Task prompt: Start at the line that contains "协德数字光纤同轴音频转换器机" in the listing below and extract every line through the last, exactly; leave pictures out.

Raw data:

>>

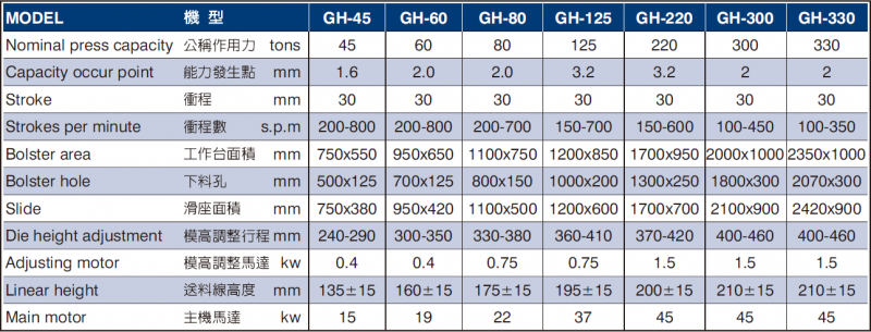 - 加長型導管,應用預壓螺樁之高剛性並配合加長型之導管,使其動、靜態精度超越特級精度。亦使沖壓模具壽命大幅提升。
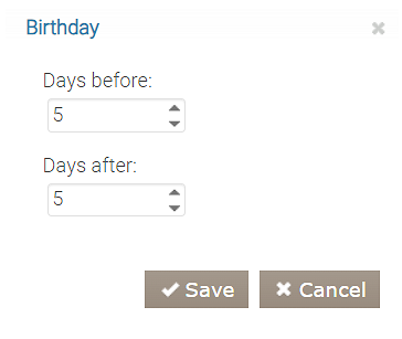 Goście mogą otrzymać zniżki i prezenty z okazji urodzin. Określ, ile dni przed i po dacie urodzin będzie dostępna specjalna oferta.
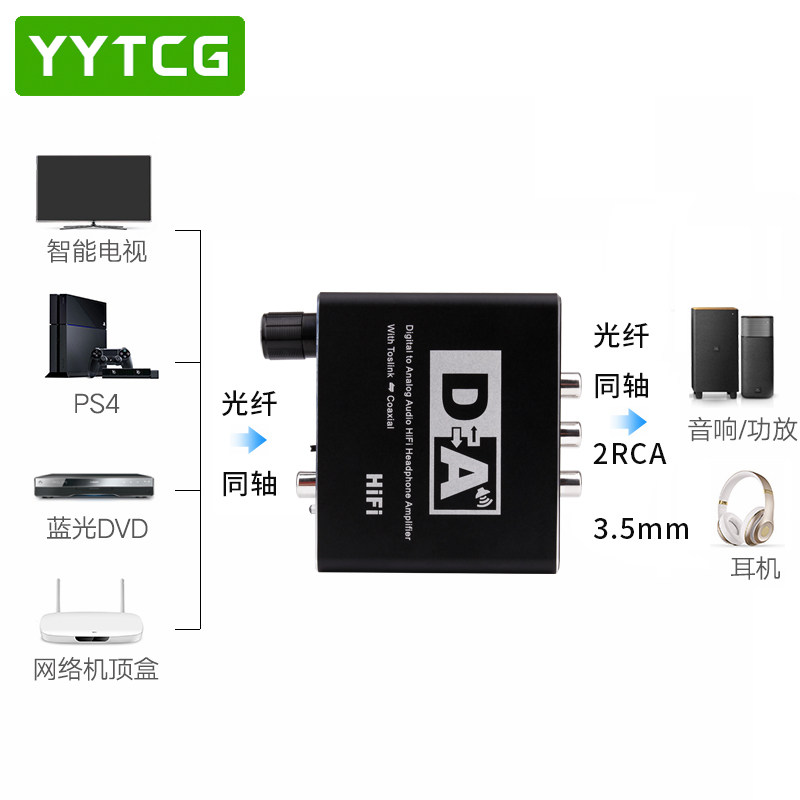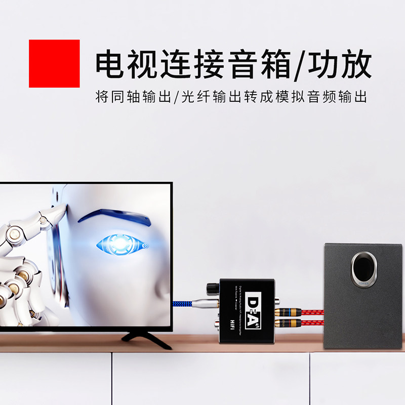 协德数字光纤同轴音频转换器机顶盒/安卓/电视/DVD/PS4/5数字光纤同轴转模拟音频解码器左右声道红白莲花音频
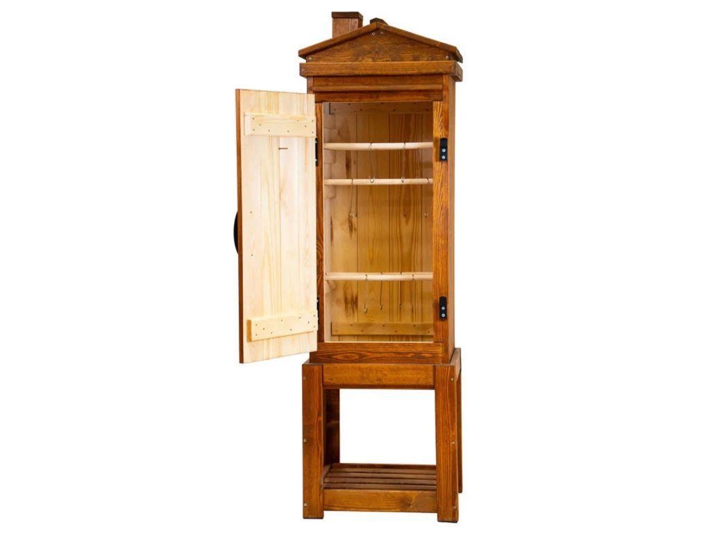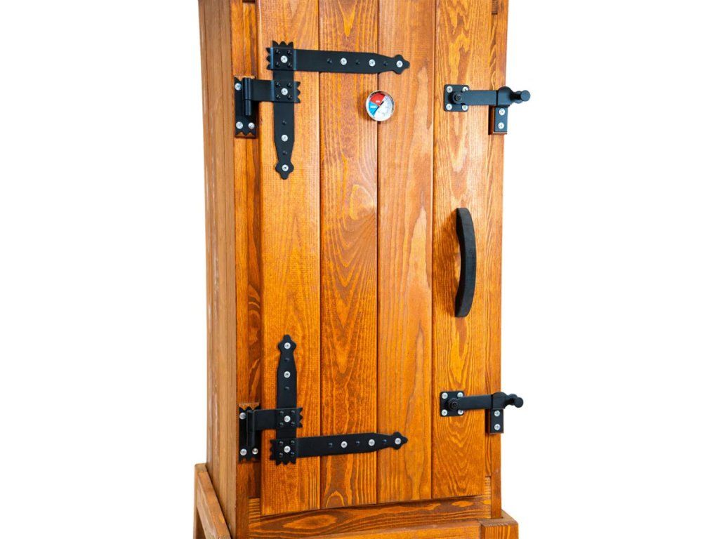 Tato dřevěná udírna kombinuje tradiční vzhled, solidní zpracování a praktickou výbavu pro pohodlné domácí uzení.

<<

Answer to the problem:
 协德数字光纤同轴音频转换器机顶盒/安卓/电视/DVD/PS4/5数字光纤同轴转模拟音频解码器左右声道红白莲花音频
 Tato dřevěná udírna kombinuje tradiční vzhled, solidní zpracování a praktickou výbavu pro pohodlné domácí uzení.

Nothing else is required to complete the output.